The idea being that you give karma to another person by taking it from your
own stash. Up votes would cost you money. But how do downvotes work? Do you
take another person's points away? That doesn't work because humans are
greedy.

------
cookiecaper
evincarofautumn mentioned this from one angle, but I too think that high karma
levels on HN are already valuable. Just look at the false acclaim that gets
heaped on every time patio11 posts something. It's not that he never posts
anything worthwhile, but you can definitely see some wild responses that are
directly attributable to Patrick's place high on the HN total karma list (like
that thing on lionhearted's blog a couple of years ago, on how patio11 should
charge people A LOT of money because he's like the smartest guy ever).
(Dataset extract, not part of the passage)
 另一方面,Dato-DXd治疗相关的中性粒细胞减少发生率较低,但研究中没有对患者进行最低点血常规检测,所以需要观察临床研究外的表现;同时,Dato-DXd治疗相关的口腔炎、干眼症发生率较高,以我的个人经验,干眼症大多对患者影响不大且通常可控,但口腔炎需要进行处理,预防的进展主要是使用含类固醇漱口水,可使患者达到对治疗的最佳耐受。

I suspect that many offers for consultation come in to HN's top commenters and
many of the things they say get noticed above the sayings of the common pleb.
If you have a high amount of karma, I think it's definitely worth some money.

------
billpatrianakos
Hopefully you're not suggesting that it actually be worth money. That's
ridiculous. If you mean what if it worked like money that might be interesting
but I doubt it would be helpful.

What problem would that solve? How would that even be realistic the way you
describe? This doesn't make any sense at all and here's why:

If karma is worth money then where does the initial money come from? Does PG
give everyone 1500 to start like it's Monopoly? Do you put up the money
yourself?

Assuming you put up your own money it just isn't fair. The richest of us get
more influence and the poor get none. It'll actually work a lot like the real
US economy.

Then, if karma is worth money then wouldnt it make sense to be able to
withdraw it and use it in places other than HN? So what if you get people
hoarding karma then they withdraw it all and end up with one. Imagine some of
the very well respected people here suddenly having no karma at all because
they withdrew it and spend it on a new computer.
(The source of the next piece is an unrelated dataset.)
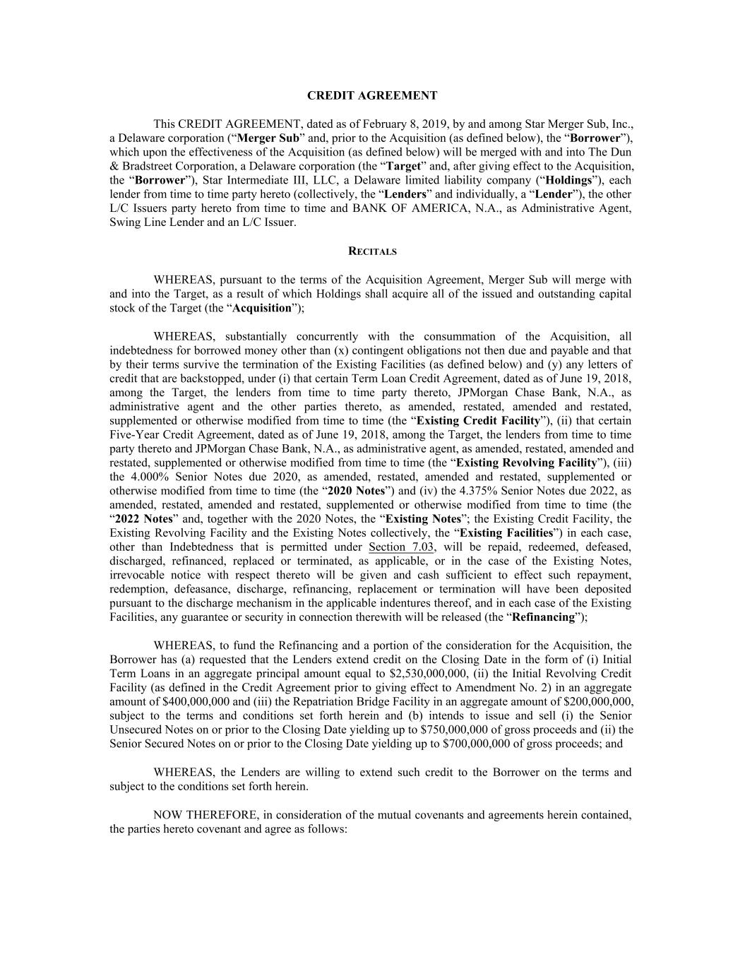 CREDIT AGREEMENT This CREDIT AGREEMENT, dated as of February 8, 2019, by and among Star Merger Sub, Inc., a Delaware corporation (“Merger Sub” and, prior to the Acquisition (as defined below), the “Borrower”), which upon the effectiveness of the Acquisition (as defined below) will be merged with and into The Dun & Bradstreet Corporation, a Delaware corporation (the “Target” and, after giving effect to the Acquisition, the “Borrower”), Star Intermediate III, LLC, a Delaware limited liability company (“Holdings”), each lender from time to time party hereto (collectively, the “Lenders” and individually, a “Lender”), the other L/C Issuers party hereto from time to time and BANK OF AMERICA, N.A., as Administrative Agent, Swing Line Lender and an L/C Issuer. RECITALS WHEREAS, pursuant to the terms of the Acquisition Agreement, Merger Sub will merge with and into the Target, as a result of which Holdings shall acquire all of the issued and outstanding capital stock of the Target (the “Acquisition”); WHEREAS, substantially concurrently with the consummation of the Acquisition, all indebtedness for borrowed money other than (x) contingent obligations not then due and payable and that by their terms survive the termination of the Existing Facilities (as defined below) and (y) any letters of credit that are backstopped, under (i) that certain Term Loan Credit Agreement, dated as of June 19, 2018, among the Target, the lenders from time to time party thereto, JPMorgan Chase Bank, N.A., as administrative agent and the other parties thereto, as amended, restated, amended and restated, supplemented or otherwise modified from time to time (the “Existing Credit Facility”), (ii) that certain Five-Year Credit Agreement, dated as of June 19, 2018, among the Target, the lenders from time to time party thereto and JPMorgan Chase Bank, N.A., as administrative agent, as amended, restated, amended and restated, supplemented or otherwise modified from time to time (the “Existing Revolving Facility”), (iii) the 4.000% Senior Notes due 2020, as amended, restated, amended and restated, supplemented or otherwise modified from time to time (the “2020 Notes”) and (iv) the 4.375% Senior Notes due 2022, as amended, restated, amended and restated, supplemented or otherwise modified from time to time (the “2022 Notes” and, together with the 2020 Notes, the “Existing Notes”; the Existing Credit Facility, the Existing Revolving Facility and the Existing Notes collectively, the “Existing Facilities”) in each case, other than Indebtedness that is permitted under Section 7.03, will be repaid, redeemed, defeased, discharged, refinanced, replaced or terminated, as applicable, or in the case of the Existing Notes, irrevocable notice with respect thereto will be given and cash sufficient to effect such repayment, redemption, defeasance, discharge, refinancing, replacement or termination will have been deposited pursuant to the discharge mechanism in the applicable indentures thereof, and in each case of the Existing Facilities, any guarantee or security in connection therewith will be released (the “Refinancing”); WHEREAS, to fund the Refinancing and a portion of the consideration for the Acquisition, the Borrower has (a) requested that the Lenders extend credit on the Closing Date in the form of (i) Initial Term Loans in an aggregate principal amount equal to $2,530,000,000, (ii) the Initial Revolving Credit Facility (as defined in the Credit Agreement prior to giving effect to Amendment No. 2) in an aggregate amount of $400,000,000 and (iii) the Repatriation Bridge Facility in an aggregate amount of $200,000,000, subject to the terms and conditions set forth herein and (b) intends to issue and sell (i) the Senior Unsecured Notes on or prior to the Closing Date yielding up to $750,000,000 of gross proceeds and (ii) the Senior Secured Notes on or prior to the Closing Date yielding up to $700,000,000 of gross proceeds; and WHEREAS, the Lenders are willing to extend such credit to the Borrower on the terms and subject to the conditions set forth herein. NOW THEREFORE, in consideration of the mutual covenants and agreements herein contained, the parties hereto covenant and agree as follows:
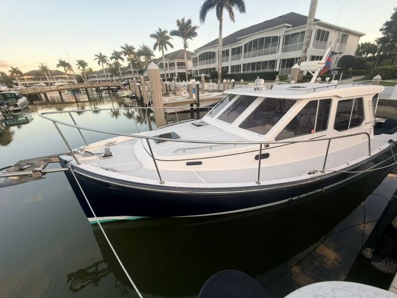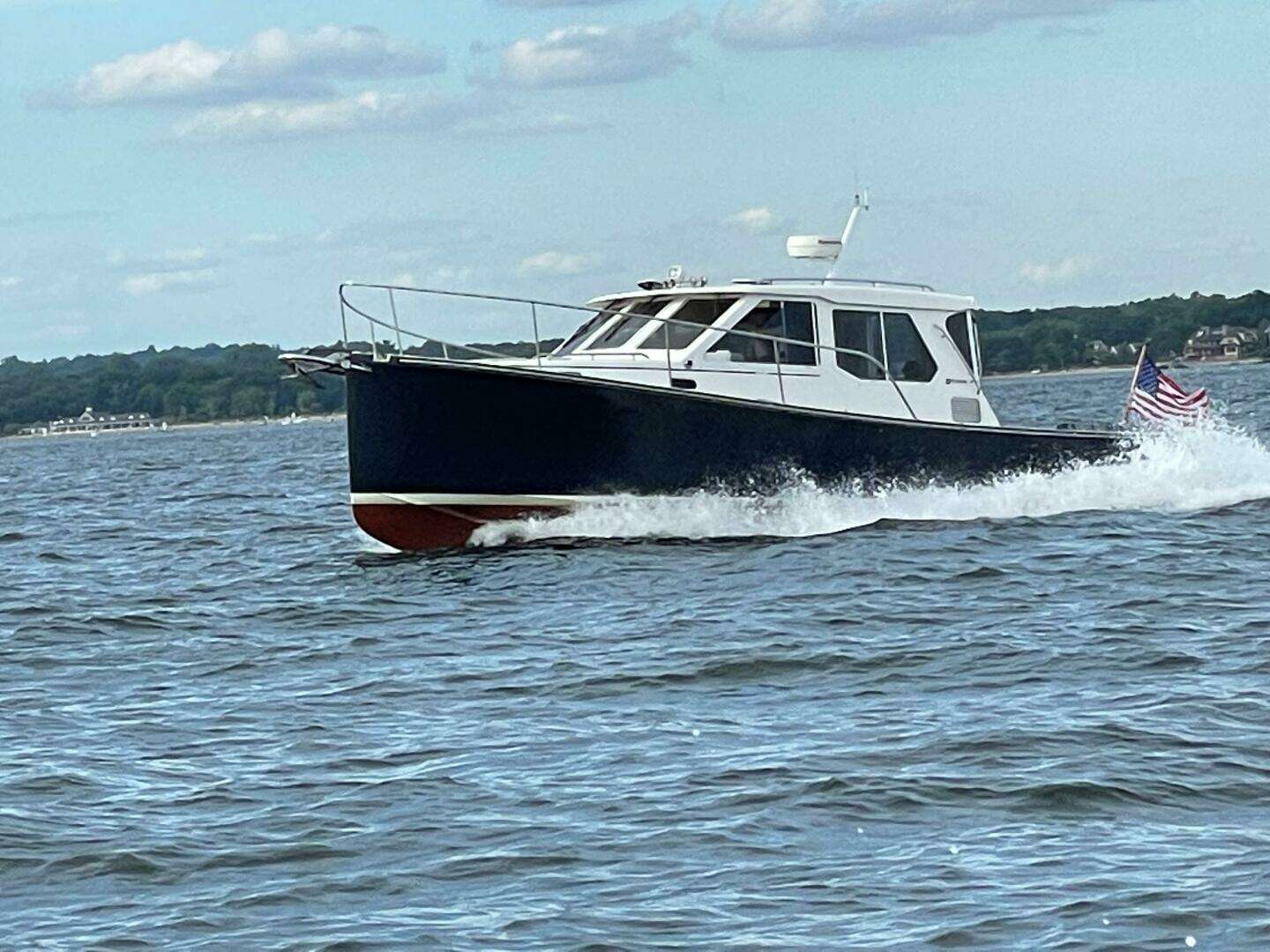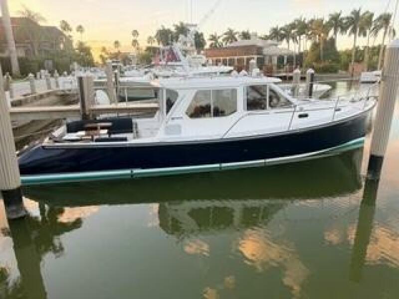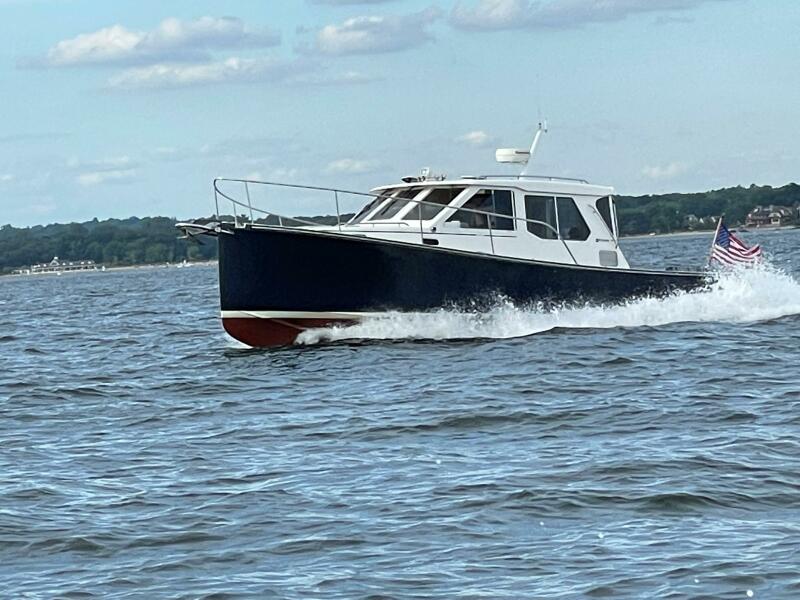 Take the helm of this 2006 True North 38 Heritage Edition, the Ultimate Downeast "Sport Utility" Cruiser. Discover the perfect blend of classic New England lobster boat aesthetics and modern versatility with this exceptional 2006 True North 38. Built by the reputable Pearson Composites using the high-tech SCRIMP resin infusion method for a strong yet lightweight hull, this vessel is designed for both elegant cruising and active water sports. A timeless classic featuring signature plumb bow, iconic reverse transom, dual transom doors for easy access / toy storage with just 980 hours offers unparalleled quality and a lifetime of enjoyment.

It's just not realistic and it defeats the whole purpose of karma. If it's
only good on HN then it isn't worth money. The way it works now is probably
the fairest way possible. If karma is one measure of the quality of a user's
contributions and how much respect they have earned then making karma work
like money would totally undermine its value. Right now, karma is earned. In a
money scenario there are more chances to game the system and skew it both
positively and negatively for a user.

If you want to give someone money then check out their profile and see if you
can either donate to one of their projects through PayPal or Flattr or
something or you can just send an email and ask.